SelectReversible :: Expr (a -> b) -> Expr (b -> c) -> QO (seq a) (seq b)
A few more data structures and we will have all the pieces necessary for an application developer to define a cache schema.
data Table t = Table String
-- A Query is a sequence of query operations that begins with a table
data Query output where
From :: Table t -> Query (Set t)
Compose :: Query input -> QO input output -> Query output
-- convenience constructor
(+>) = Compose
data CacheKeyDefinition = CacheKeyDefinition {
keyTemplate :: String, -- e.g. "taskIds.{userId}"
query :: Query -- e.g. from tasks where task.userId = userId select task.id
}
Putting it all together, we can showcase the cache schema for a simple task management website.
type TaskId = String
type UserId = String
data Task = {
taskId :: TaskId,
ownerId :: UserId,
title :: String,
completed :: Boolean,
dueDate :: Integer }
deriving (Eq, Ord, Read, Show)
taskTable = Table "tasks" :: Table Task
schema = do
-- The task objects.
-- type: String
-- expected redis commands on insert:
-- SET
"task.{taskId}" $= \tid ->
From taskTable +>
Where (\t -> taskId t == tid) +>
The +>
Apply show
-- For each user, the ids of her most urgent tasks.
-- type: Sorted Set, where the keys are the dueDate and the values are the taskIds.

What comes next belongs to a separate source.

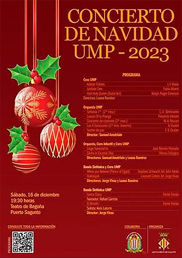 La Unión Musical Porteña oferirà el seu concert de Nadal 2023 el dissabte 16 de desembre, a les 19:30 hores, en el Teatre de Begoña (c/ Progrés, 38, el Port de Sagunt). L'entrada és gratuïta i lliure fins a completar l'aforament.

-- expected redis commands on insert:
-- ZADD
-- ZREMRANGEBYRANK
"activeTaskIds.{userId}" $= \uid ->
From taskTable +>
Where (\t -> ownerId t == uid && not (completed t)) +>
SortBy dueDate +>
Limit 100 +>
SelectReversible (\t -> (dueDate t, taskId t)) fst
-- The number of tasks a user has successfully completed.
-- type: integer
-- expected redis commands on insert:
-- INCR
"numCompleted.{userId}" $= \uid ->
From taskTable +>
Where (\t -> ownerId t == uid && completed t) +>
Count
It’s important to keep in mind that although I have made the above code look
like haskell, no library in haskell could actually use the above code. The variables
occuring after the $=
sign are logic variables, not function parameters. An
EDSL could get close to something like the above, but the normal types for
==
and &&
are unusable, and the lambdas inside the Where
clauses
would need to be reified anyway.
Still to come: deletes, updates, uniqueness constraints (maybe?), and psuedo-code for the generation of redis commands.